Easter in Germany means different things to different people. The weather is mostly unpredictable. For all you know you could be doing your Easter egg hunt outdoors wearing shorts and a t-shirt or you might find yourself eating Easter dinner while watching a hail storm blowing outside. The Easter traditions vary depending on region, faith and even the people you’re celebrating with, but one thing is for sure: Easter in the Arctic is nothing like the customs I grew up with.
Exactly one year ago I was visiting Finnish Lapland for the second time. It was the end of March. The winter tourist season had pretty much ended in the northernmost parts of Finland. The nights were getting shorter each day, the snow visibly began to melt and the chance to spot the Northern Lights was fading away like the darkness. I had travelled back to Lapland to better understand the way of life in this Northern part of Europe and of course my own fascination with Lapland.
In the days leading up to Easter I received a message from a friend asking if I wanted to join her for the local Easter celebrations. My answer, of course, was yes! I was honoured to be asked.
Easter in the Arctic
Easter in the Arctic symbolises the beginning of spring, warmer days and sunlight. It is one of the rare occasions were everyone gets together. Locals that have moved away over time to study and work in other parts of Finland return home to spend time with their family and friends.
I was beyond excited. Not only was this my first Easter in the Arctic, but it was also the first time on a snowmobile. My friend and I set off from the village and headed towards the starting point. A lot of people were already gathered there in good spirit, waiting for the last few to arrive.
With at least half a dozen snowmobiles and two sleds we set off towards our destination, a frozen lake about 20km away from the village. The 40 minute journey left me speechless. As I was holding on to my friend on the back of her snowmobile I took in the views. We were surrounded by nothing but snow, ice and a few lonely birch trees. The smile behind my helmet was constant.
The first group of people had already set up a fire by the time we arrived. People were gathering around roasting sausages, laughing, drinking beer. We grabbed a reindeer skin and joined them for a while. No chairs, tables or fancy decorations necessary to have a good time out there.

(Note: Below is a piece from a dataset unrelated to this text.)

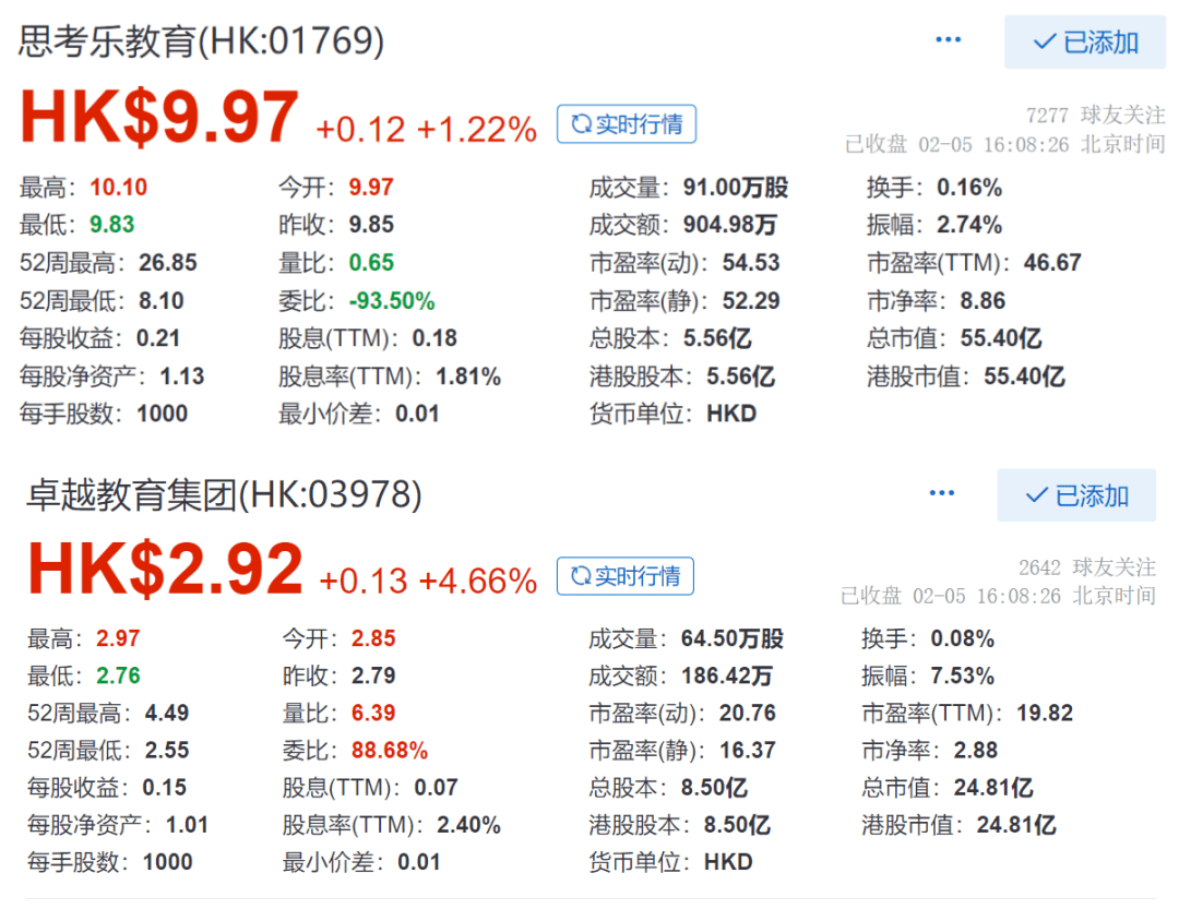 资本市场给予的估值也是肉眼可见的高。截至2月5日收盘,思考乐总市值55.40亿港元,是卓越教育24.81亿港元总市值的两倍多。静态市盈率52.29倍,是卓越教育的三倍多。

All you need is good company, sunshine and the great outdoors.
As I was waiting for my sausage to roast I saw people skiing down hills, while others were setting up on the ice to try their luck at ice fishing. It was the perfect day out. Nature was proving all the entertainment free of charge.
Since this was a day of firsts for me, I decided to have a go at ice fishing. Once the whole is drilled, the first order of business is to get the little maggot on to your fishing rod. Not as easy as it sounds when the little fella is wiggling around and you have no fishing experience whatsoever.
Once that was done we sat down in the sun waiting for the fish to bite while slowly moving the rod to mimic the movement of bait. Sadly the sound of the snowmobiles kept the fish away, but I had a feeling no one was really upset about that. It was more about enjoying the day with friends than bringing home fish. The locals quickly taught me that there is always a reason the fish don’t bite. It’s certainly never the fisherman.
People started heading back to the village and within minutes it was just my friend and me left in the middle of nowhere on a frozen lake. Suddenly it was silent as the sound of the snowmobiles drifted away in the distance. I couldn’t imagine anything more peaceful than this.
My friend suggested a quick surprise stop before heading back. I jumped back on to her snowmobile and we started heading up the hill. She was manoeuvring her way to the top when I knew what it was she wanted to show me. It was like entering a different world where everything was white dipped in a few pastel colours here and there. You could barely tell the sky apart from the ground you were driving on.